SCSNet: The implemented SCSNet model has a single-input channel to predict von Mises stress values. The input channel contains geometry and loading information in a matrix format, the output channel matrix includes von Mises stress values for the corresponding element in the two-dimensional plate. The model architecture for SCSNet is structured as a convolutional autoencoder with an encoder-decoder with featuring constant CNN layers, allowing the model to learn to encode the input into simpler signals and then reconstruct it. The model takes input as a 32 pixel by 24 pixel matrix as input. Beyond this input, the model further leverages the characteristics of multiple complementary layers with various shapes, including convolutional, max-pooling, reshaping, and fully connected layers. By passing the input through the aforementioned layers, the model extracts the processed features and predicts stress values.
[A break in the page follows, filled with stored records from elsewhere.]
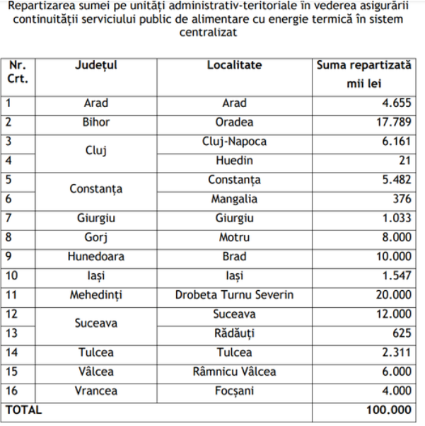 Cele mai mari sume sunt merg către Drobeta Turnu-Severin (20 de milioane de lei), Oradea (17,8 milioane de lei), Suceava (12 milioane de lei) și Brad, județul Hunedoara (10 milioane de lei).
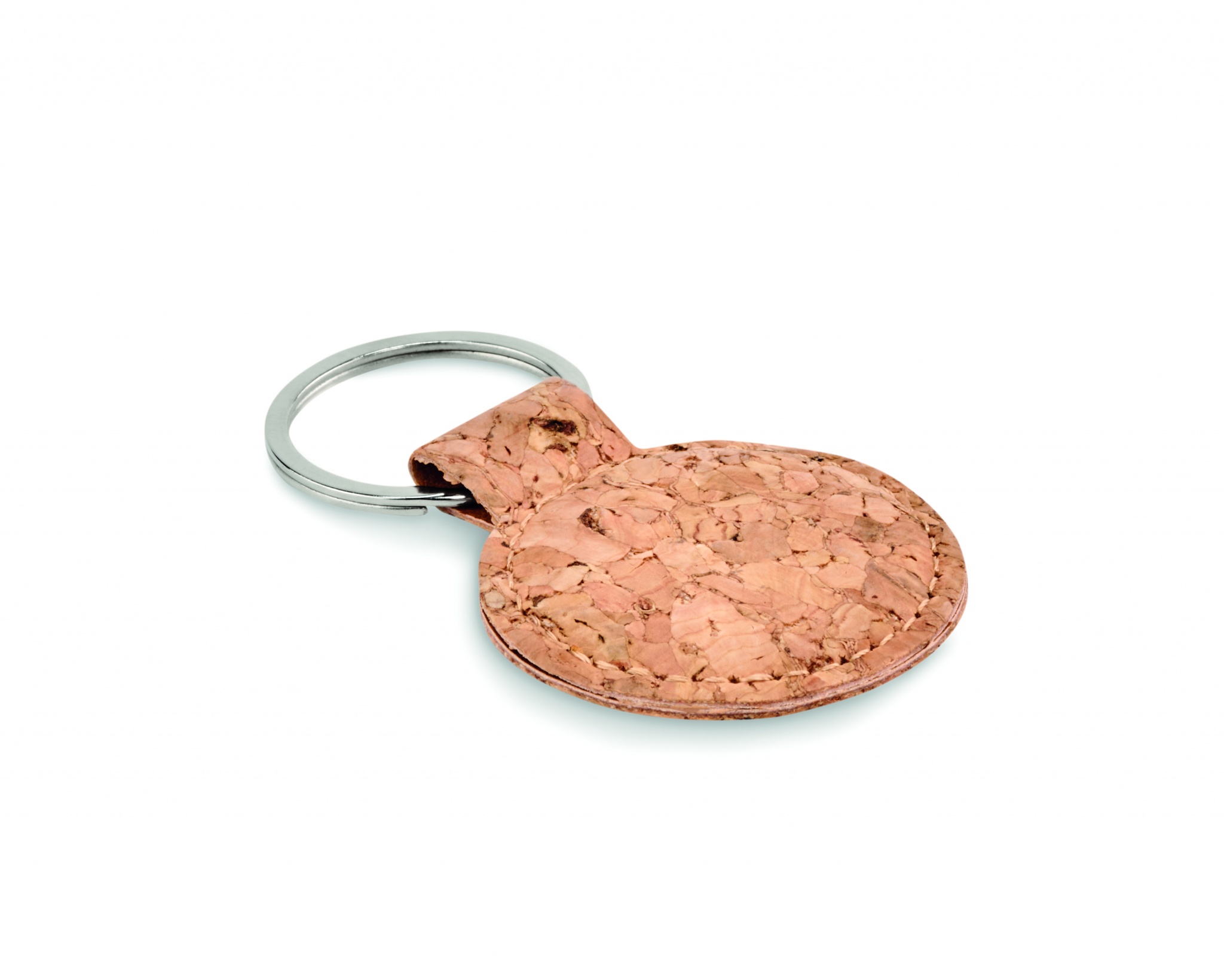 Apaļš korķa atslēgu piekariņš. Korķis ir 100% dabīgs materiāls. Tā strukturālā rakstura un virsmas porainības dēļ gala izdrukas rezultātam uz vienu vienumu var būt novirzes.
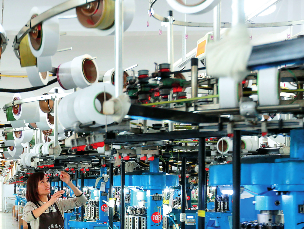 在安徽省淮北市杜集区石台镇农民工创业园,一家针织企业的工人在织袜车间作业(2023 年 3 月 28 日摄)万善朝摄 / 本刊
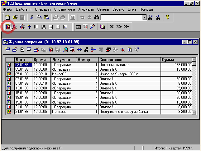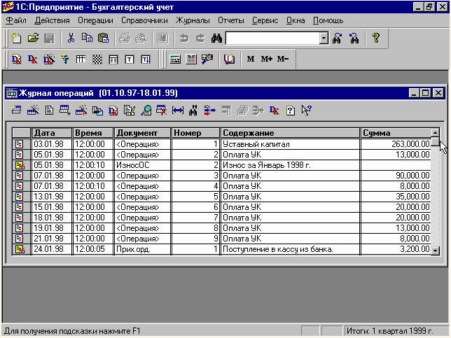 На экране при этом появится окно в которое выводятся основные данные об операции, причем каждой строке журнала соответствует одна операция.
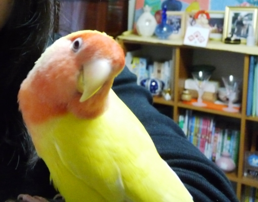 『おはよ』『ノアちゃんこんにちは』『おやっちゅみ』『バイバイ』『おいで』『ちーちゃん』『ええ子やね』『はいっ』は我家のインコ達の共通語。それに、それぞれの鳴真似も!何より困るのはコミドリコンゴウインコの鳴き真似。これだけは止めてほしい…。
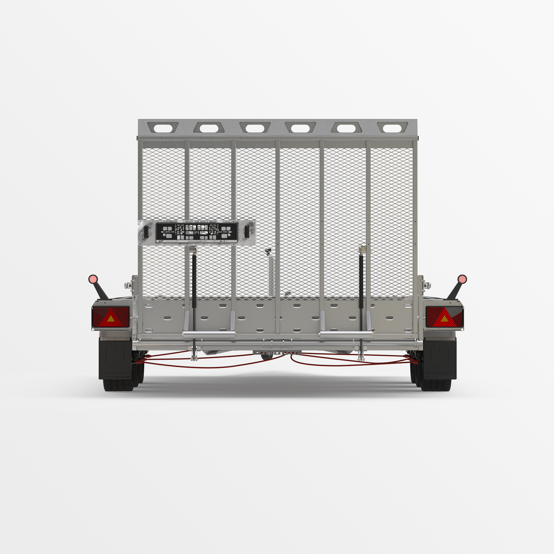 for cargo fastening to ensure the safety of transported goods. Extra sturdy V-type drawbar and supports to stabilize the overrun.
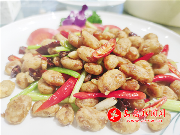 推薦理由:據(jù)廚師介紹,香辣白蕓豆是先將干的蕓豆浸泡,然后加入辣椒、香葉、蔥姜等多種調(diào)味料把蕓豆煮至熟爛,再將煮好的蕓豆裹上一層面糊下鍋炸至表皮焦黃,佐以嫩芹菜桿、香蒜和紅辣椒炒制,一道酥香可口、內(nèi)里綿軟的香辣白蕓豆就做好了。
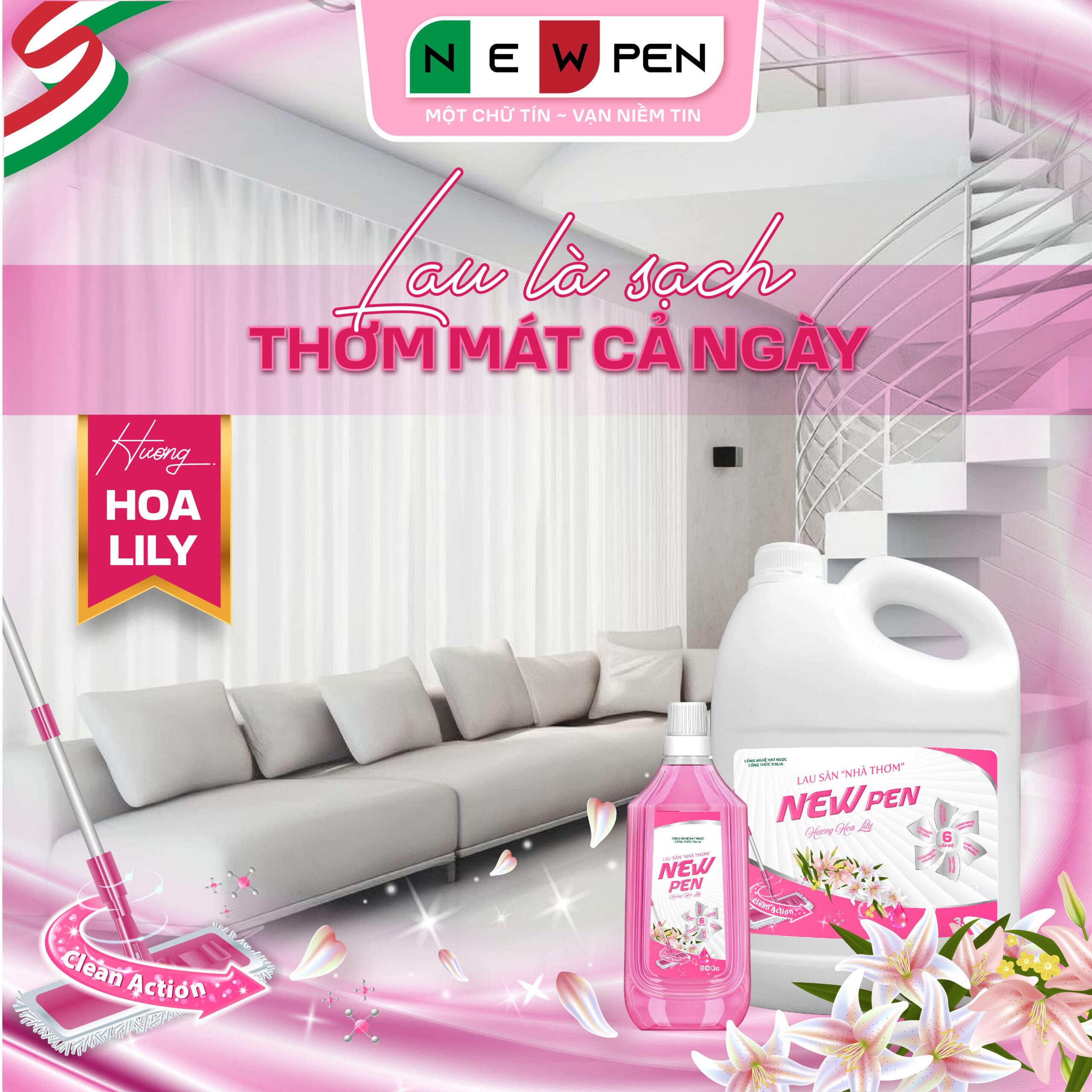 Lau sàn “Nhà thơm” NEWPEN – Hương Lily thơm ngát, giúp sàn nhà sáng bóng và sạch khô ráo ngay khi lau, loại bỏ vi khuẩn trên mọi bề mặt khi sử dụng.
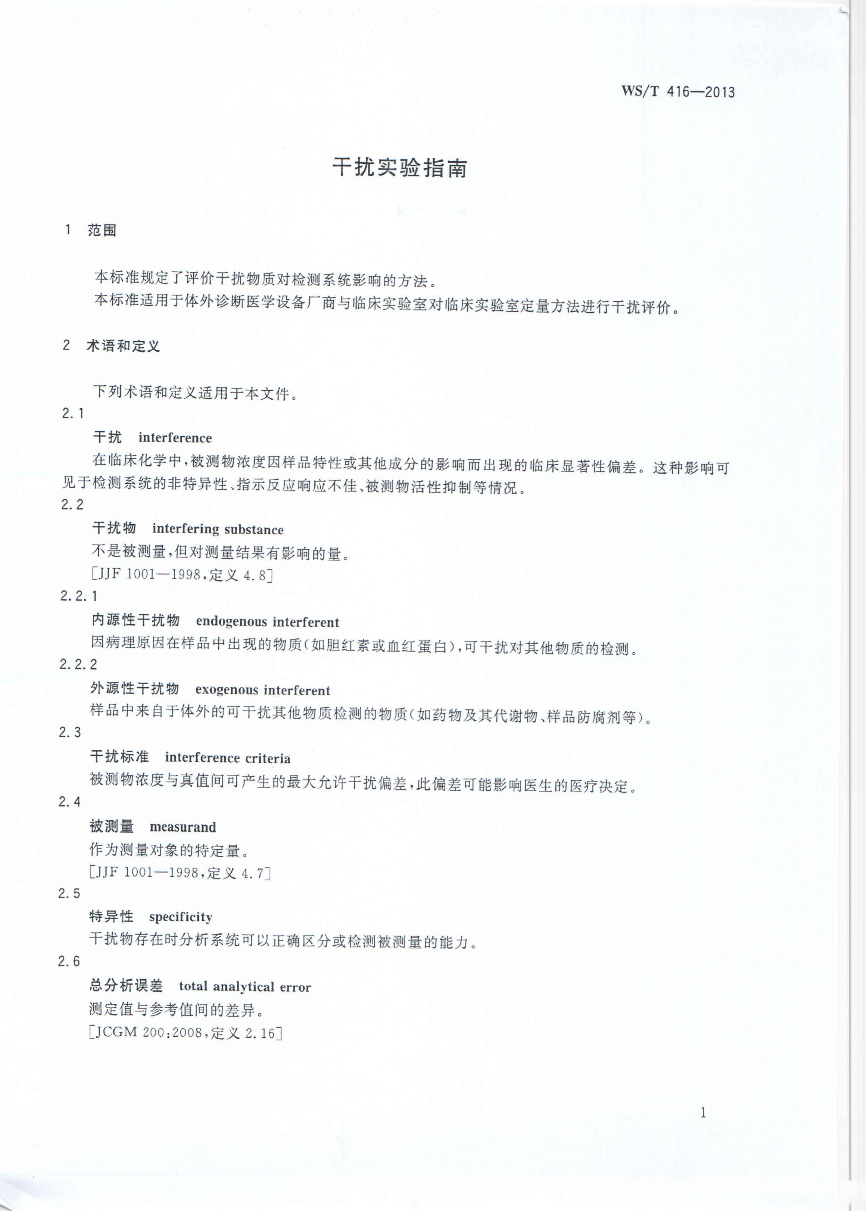 WS/T 416-2013 干扰实验指南
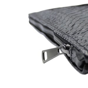 This handmade leather wristlet is crafted from genuine leather with a black embossed snake print. Its small size makes it the perfect accessory for carrying everyday essentials. It closes with a zipper for added security and comes with a detachable leather wrist strap for easy carrying. The interior is carefully lined with cotton fabric and features a small leather pocket, ideal for storing small items.
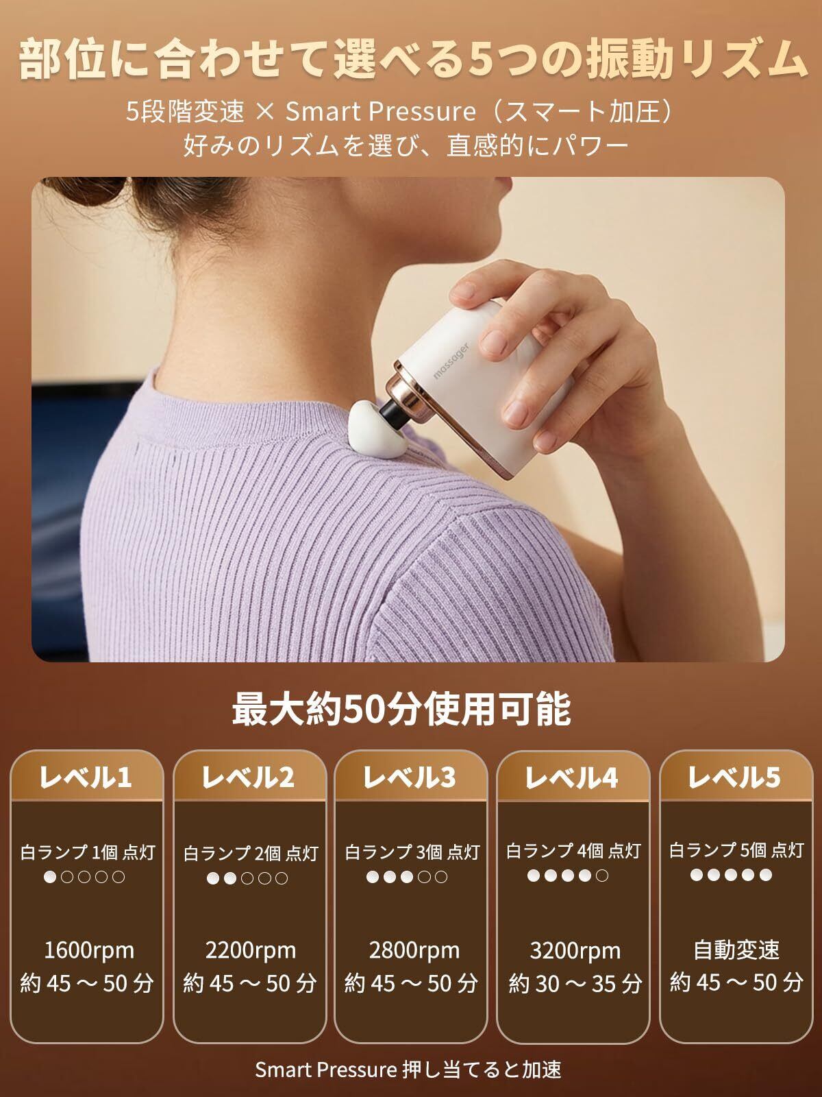 【5段階変速&AIスマート変頻機能】 ボタン一つで5段階の振動レベルを調節可能。さらに、ボディに押し当てる強さを感知して、自動的に振動リズムを調整する「AIスマート変頻技術」を搭載しました。軽く当てれば優しく、強く押し込めば高速でパワフルに。面倒なボタン操作をすることなく、強弱を直感的にコントロールでき、メリハリのあるケアを実現します。5つのLEDランプで現在のレベルも一目で分かります。
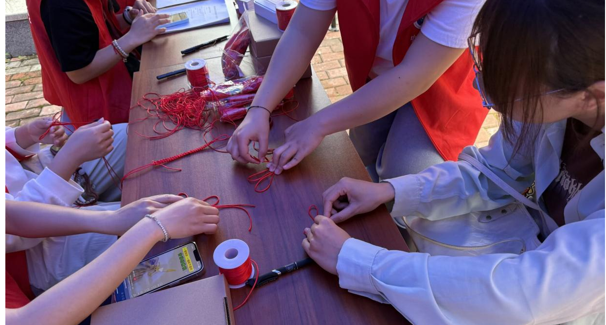 在编中国结手工体验区,志愿者们耐心指导同学们穿绳、打结、造型,手把手传授中国结的编织技巧。一个个精致的中国结逐渐成型,既承载着中华优秀统文化的底蕴,也象征着同学们团结互助、心手相连的美好心愿。
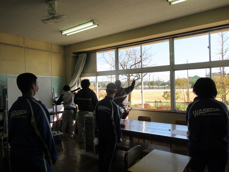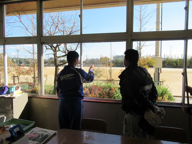 帰ってきてから学校では、業者さんが窓清掃をしていました。普段から窓清掃の練習をしているので業者さんにお願いし、見学させてもらい実際にやらせてもらいました。基本ができていると褒められました。お忙しい中ありがとうございました。
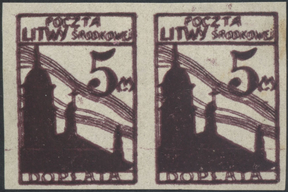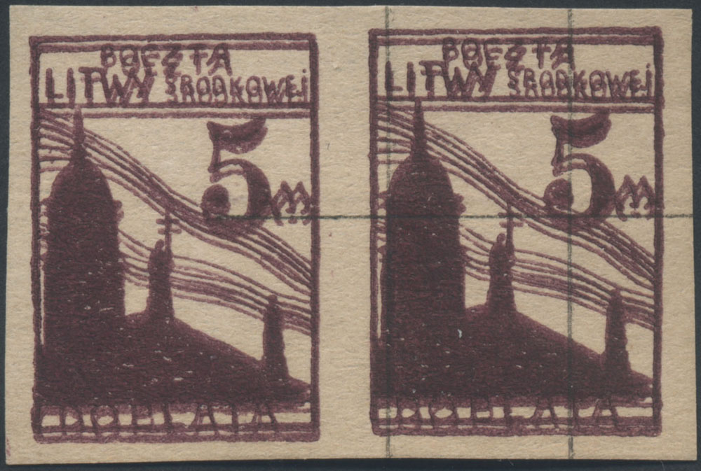 1922 otwarcie Sejmu Litwy Środkowej, podwójny wzajemnie odwrócony druk próby znaczka za 10 mk. w kolorze żółtobrązowym na kremowym papierze (Fi.300.-), lekko zgięta, gwarancja. | Fi.44 P8 Dp |

The architecture of the model consists of five convolutional layers; two of these layers are dedicated to downsampling and each of them is followed by a pooling layer. The output from the convolutional layers is flattened through a reshaping function and then passed into two fully connected layers. The load vector is then concatenated with the latent features, then the data is processed through additional fully connected layers. Finally, three deconvolutional layers are used for upsampling to the original input matrix size. To maintain the consistency between the input and output shapes, zero padding is used (Nie et al., 2020). A visual description of the model architecture is shown in Figure 2 (visual description developed using the Visualkeras library in Python). SCSNet architecture with single-channel input and von Mises stress output.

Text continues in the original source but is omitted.